Records from a collection:
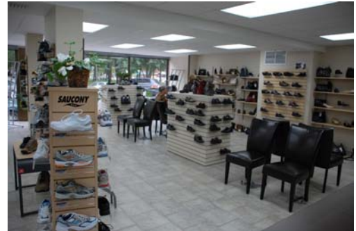
Les nouveaux locaux aménagés au premier étage de l'établissement.

L'entreprise sera en effet en mesure d'offrir des services variés dont un laboratoire complet d'orthèses et de prothèses et la vente de chaussures pour femmes, hommes et enfants.
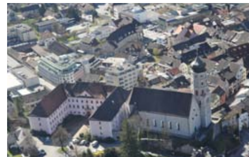
Im Altstadt kern architektonisch verwandt: Dachlandschaften
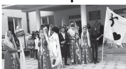
Огъары Малкъарны 1-чи номерли школуну къуаууну байракълары бла.

Кѣп адам келген эди ол кюн ары. Кѳрегерлерине къуанып, уллу заууклуук да алып кеткен эдиле. Аны кургарган Тѳтуланы Хадис бу огурлу ишни тѳреге айлардыркъа деген
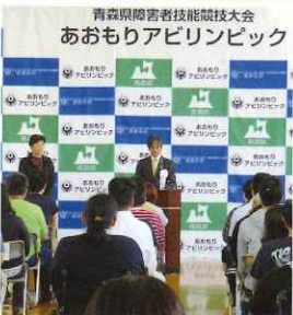
あomorアビリンピック参加 (任意参加)
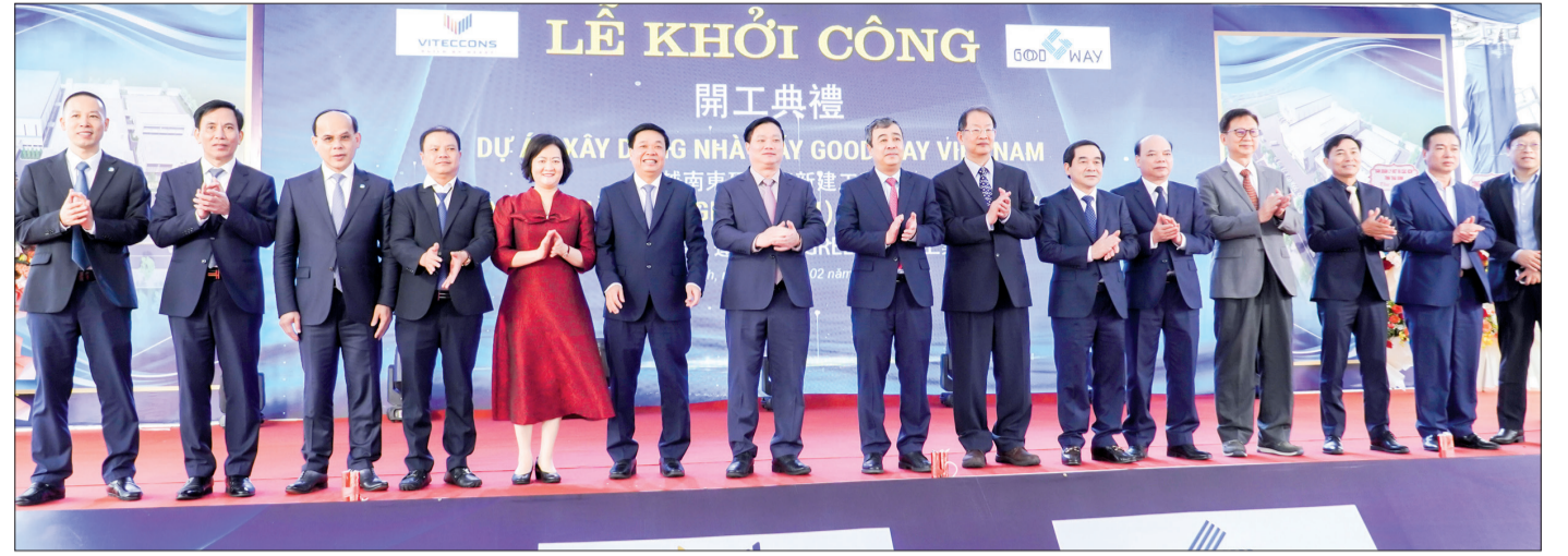
Các đồng chí lãnh đạo tỉnh và đại biểu chúc mừng Công ty TNHH Công nghiệp Good Way Việt Nam.
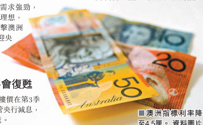
■澳洲指標利率降至4.5厘。資料圖片
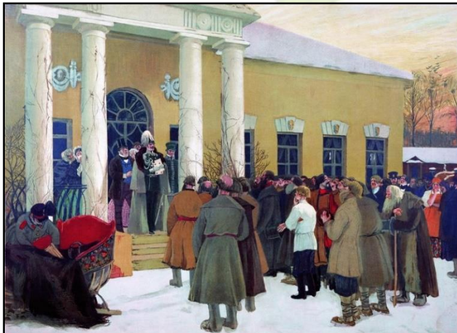
Б. М. Кустодиев. Чтение манифеста. 1907 год

19 февраля (3 марта) 1861 года в России был издан царский Манифест об отмене крепостного права. Крестьяне стали лично свободными, но земля осталась собственностью помещика. Земельный надел крестьянин должен был выкупить, при этом он выплачивал 20% из собственных средств, а 80% платило государство.
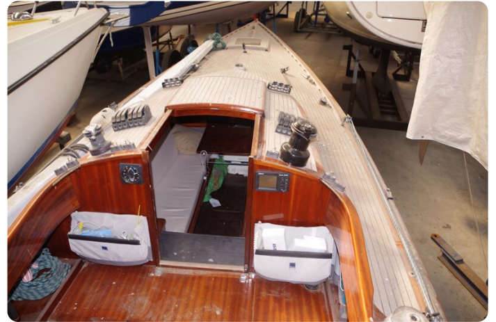
Schärenkreuzer FLORIAN 28

What to produce:
Copy out all the records exactly as they read, and omit the pictures.

Exercise output:
Les nouveaux locaux aménagés au premier étage de l'établissement.

L'entreprise sera en effet en mesure d'offrir des services variés dont un laboratoire complet d'orthèses et de prothèses et la vente de chaussures pour femmes, hommes et enfants.
Im Altstadt kern architektonisch verwandt: Dachlandschaften
Огъары Малкъарны 1-чи номерли школуну къуаууну байракълары бла.

Кѣп адам келген эди ол кюн ары. Кѳрегерлерине къуанып, уллу заууклуук да алып кеткен эдиле. Аны кургарган Тѳтуланы Хадис бу огурлу ишни тѳреге айлардыркъа деген
あomorアビリンピック参加 (任意参加)
Các đồng chí lãnh đạo tỉnh và đại biểu chúc mừng Công ty TNHH Công nghiệp Good Way Việt Nam.
■澳洲指標利率降至4.5厘。資料圖片
Б. М. Кустодиев. Чтение манифеста. 1907 год

19 февраля (3 марта) 1861 года в России был издан царский Манифест об отмене крепостного права. Крестьяне стали лично свободными, но земля осталась собственностью помещика. Земельный надел крестьянин должен был выкупить, при этом он выплачивал 20% из собственных средств, а 80% платило государство.
Schärenkreuzer FLORIAN 28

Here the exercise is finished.